MATERIAL FOR THIS EXERCISE:

┄┄┄┄┄┄

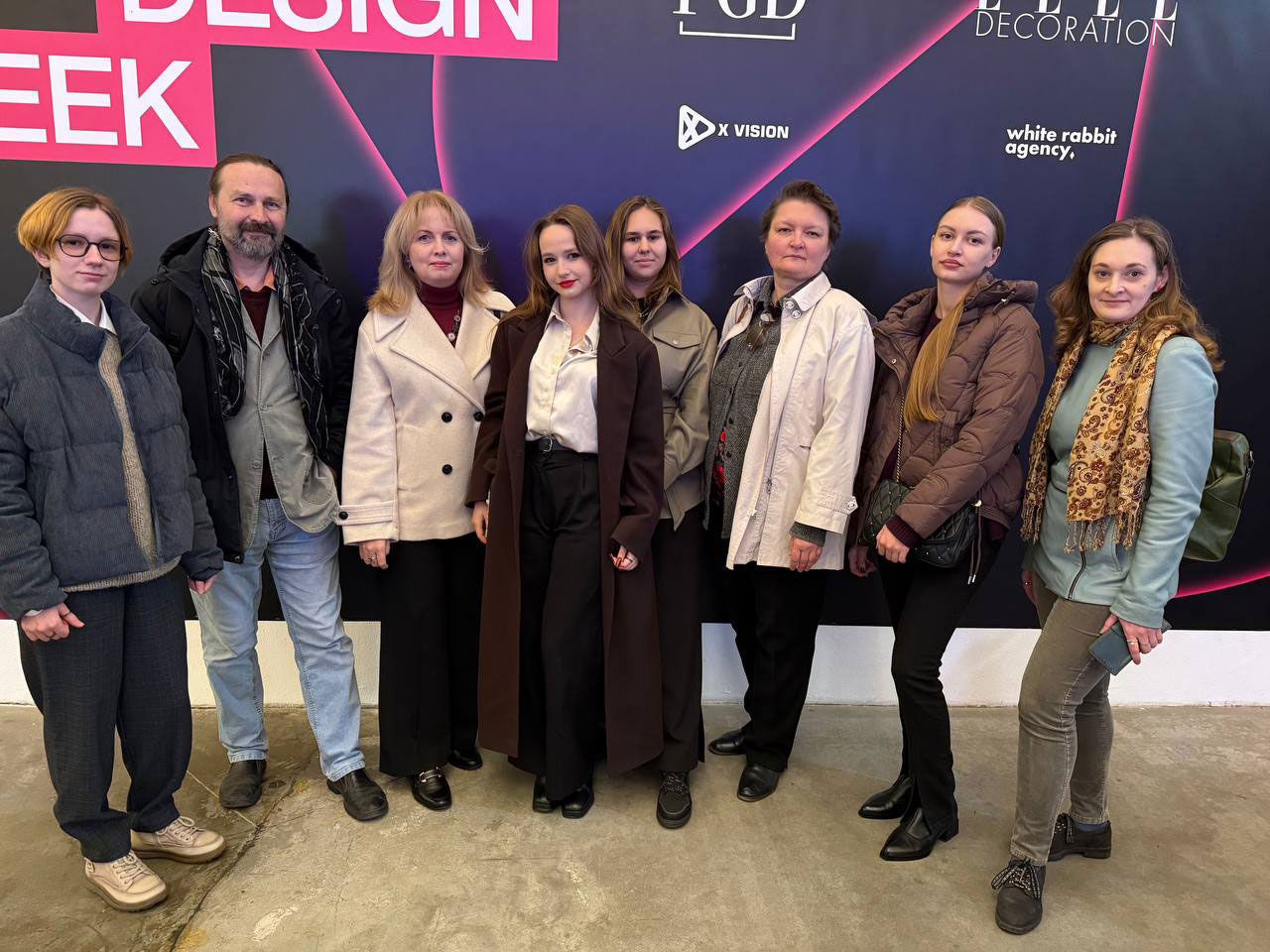 Калина Пашкевич, декан факультету дизайну, а також завідувачі кафедр факультету Данило Косенко, Наталія Чупріна, Лілія Журавель-Змєєва, Олена Васильєва разом зі студентами-дизайнерами КНУТД ознайомились з експонатами виставки, сучасними тенденціями в дизайні, інноваційними технологіями.
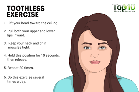 Methods to eliminate face fat repeat 5 to 10 times at a stretch and two times a day for best results.
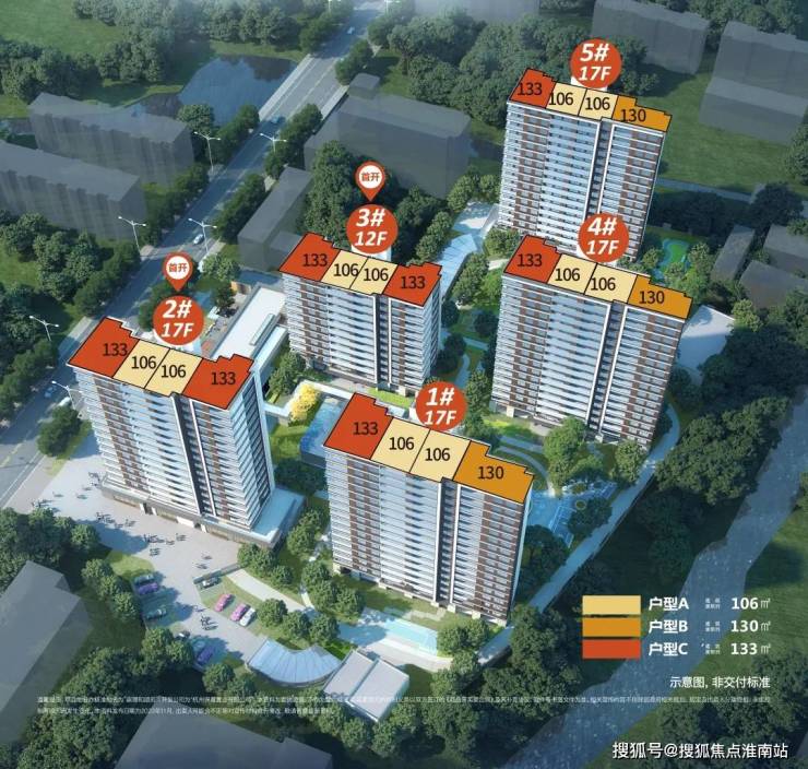 户型上规划有三款,建面约106㎡三房两卫和约130、133㎡四房两卫,满足刚需和周边地缘购房者的改善需求。
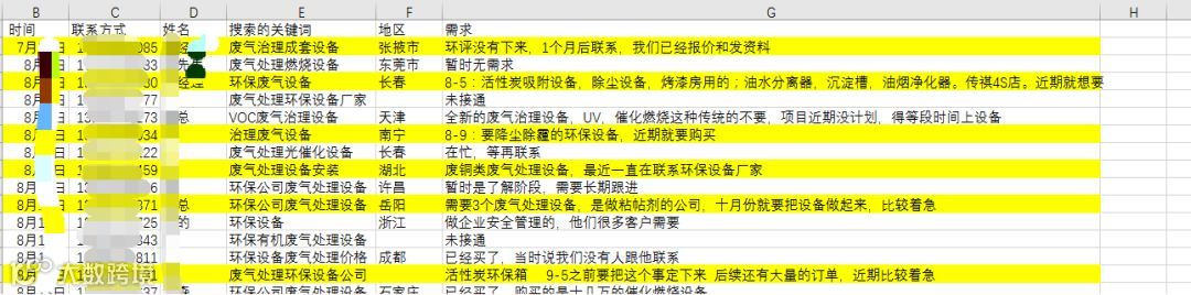 信融记录客户8月的一小部分商机表
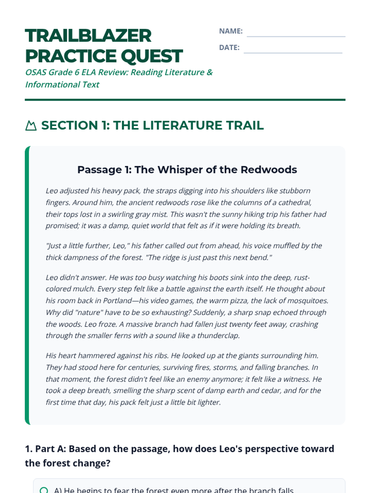A comprehensive review of Oregon's 6th-grade ELA standards for Reading Literature and Informational Text, designed to prepare students for the OSAS assessment using a Pacific Northwest field guide theme.
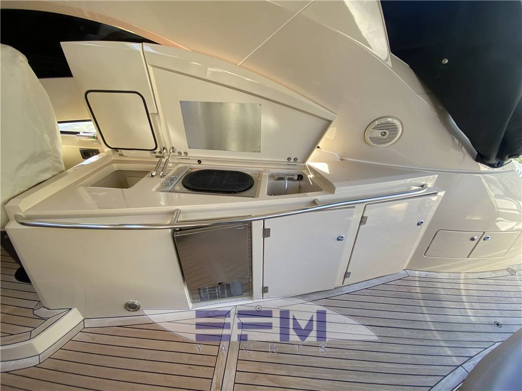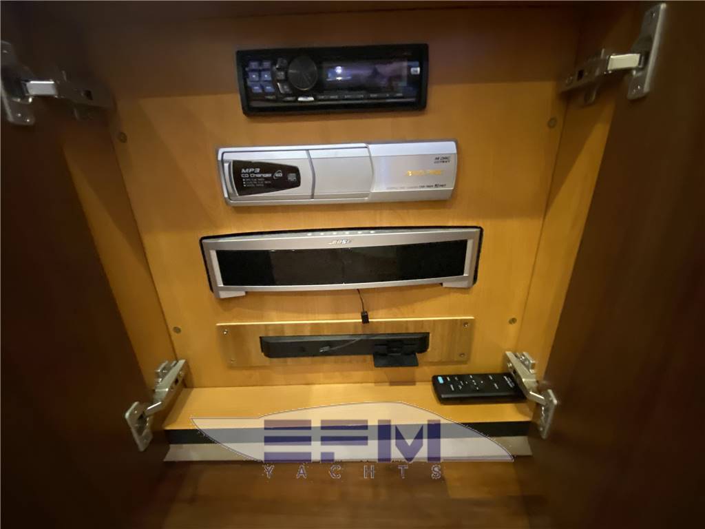Notas de armamentoLights in the cockpit - bow thruster - double fridge - Galley with sink , grill and icemaker in cockpit - safety equipment x 8 people - complete set of kitchen linens and spare cabins - courtesy lights - teak cockpit and bath platform - hydraulic gangway - aft mooring winch - complete canopy closure - sunbathing in white ski - Delta anchor with chain plus - Fenders - reverse cycle air conditioning hot and cold - electrics WC Batteries charger - Generator Kohler - Stereo cd Sony + DVD - Opening hard top - swimming ladder - black water system - aft shower with hot and cold water - tender garage - electric gangway - Teak platform new 2022 -
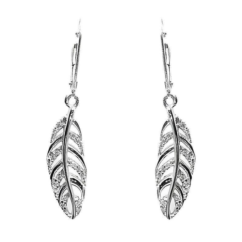 Pendientes Plata de Ley de hoja con circonitas, 38mm y cierre francés.
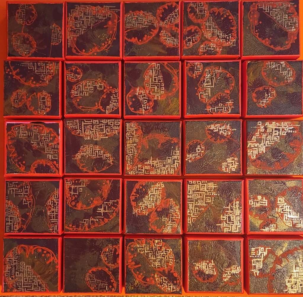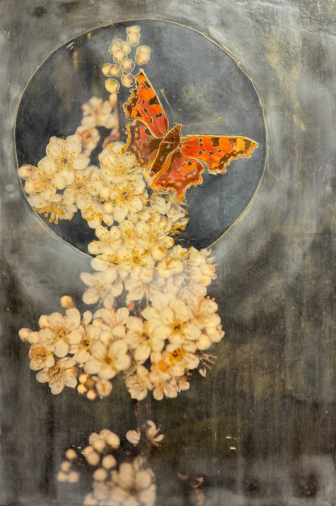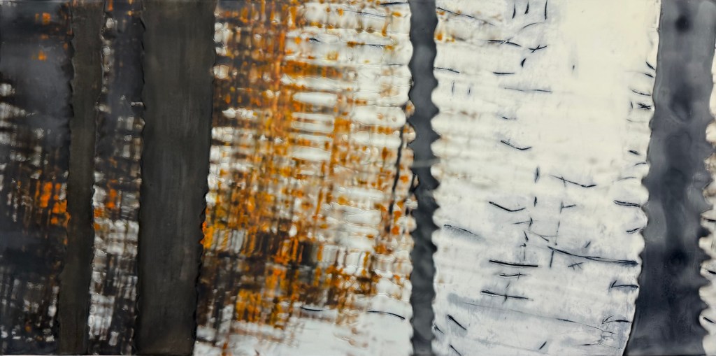 Sandy works with encaustic wax on wood panels. Come see her intricate and enchanting pieces.
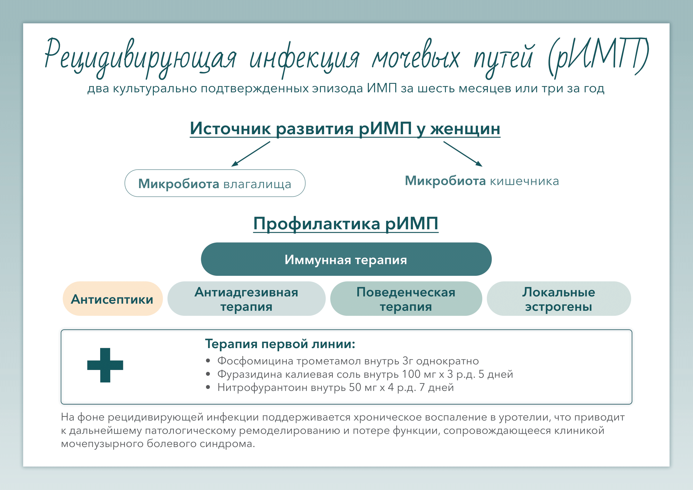 Рецидивирующая инфекция мочевых путей у женщин (рИМП) - сложная и неоднозначная проблема. Изучайте и сохраняйте информацию по лечению и профилактике рИМП.
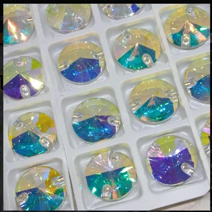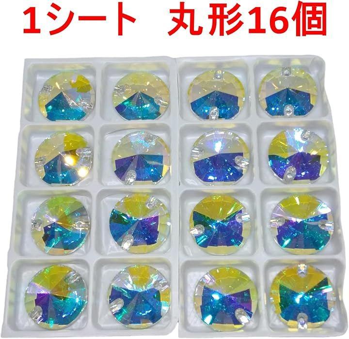 「素材」高品質クリスタルガラス(AB加工) 「仕様」縫い付け用両端穴2つ 「形状」丸形 「販売単位」各サイズ別トレー1つで販売(トレー内の個数はサイズ別)
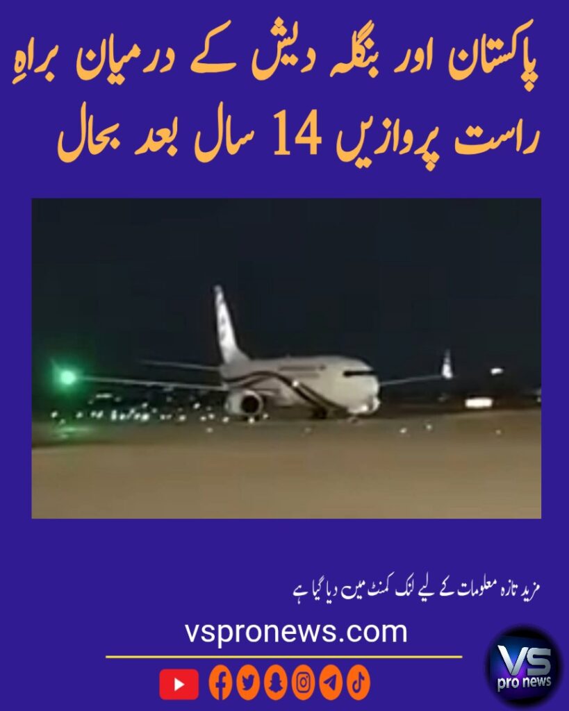 پاکستان اور بنگلہ دیش کے درمیان براہِ راست فضائی رابطہ 14 سال بعد دوبارہ بحال ہو گیا ہے۔
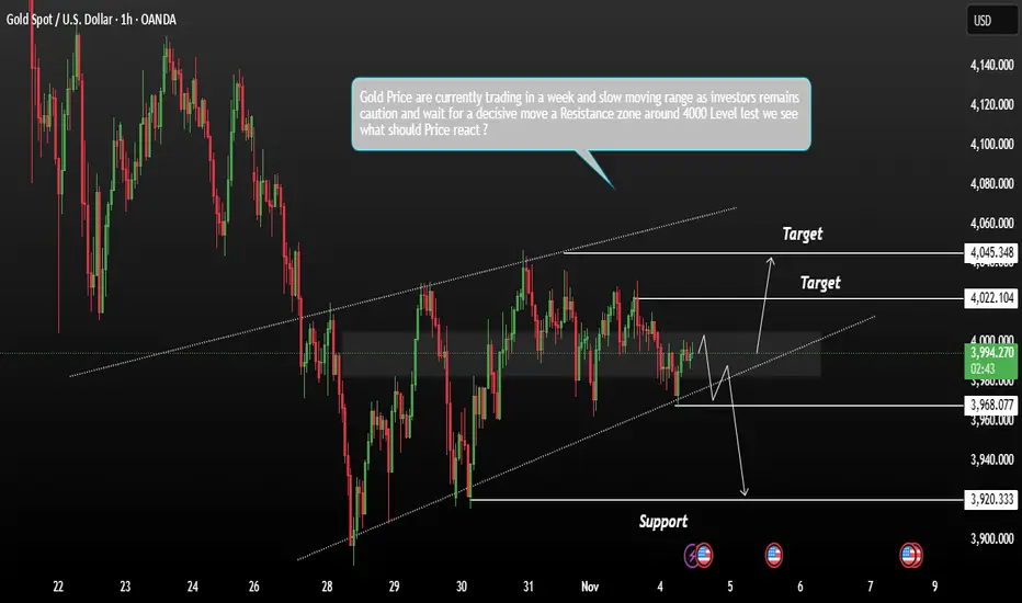 Gold prices are currently trading in a weak and slow-moving range, as investors remain cautious and wait for a decisive move.
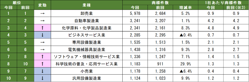 1社あたりの商標保有件数については、前回調査と概ね同数値で推移し、「化学原料・化学製品製造業」(1社あたりの商標保有数4.8件)、「自動車製造業」(同4.2件)、「電気機械器具製造業」(同2.8件)の3業種が他業種を上回っている。

┄┄┄┄┄┄

WORK TO COMPLETE: Set down exactly the lines from the start of the records through the line containing "信融记录客户8月的一小部分商机表", both included, and omit the pictures.

PROBLEM SOLUTION:
 Калина Пашкевич, декан факультету дизайну, а також завідувачі кафедр факультету Данило Косенко, Наталія Чупріна, Лілія Журавель-Змєєва, Олена Васильєва разом зі студентами-дизайнерами КНУТД ознайомились з експонатами виставки, сучасними тенденціями в дизайні, інноваційними технологіями.
 Methods to eliminate face fat repeat 5 to 10 times at a stretch and two times a day for best results.
 户型上规划有三款,建面约106㎡三房两卫和约130、133㎡四房两卫,满足刚需和周边地缘购房者的改善需求。
 信融记录客户8月的一小部分商机表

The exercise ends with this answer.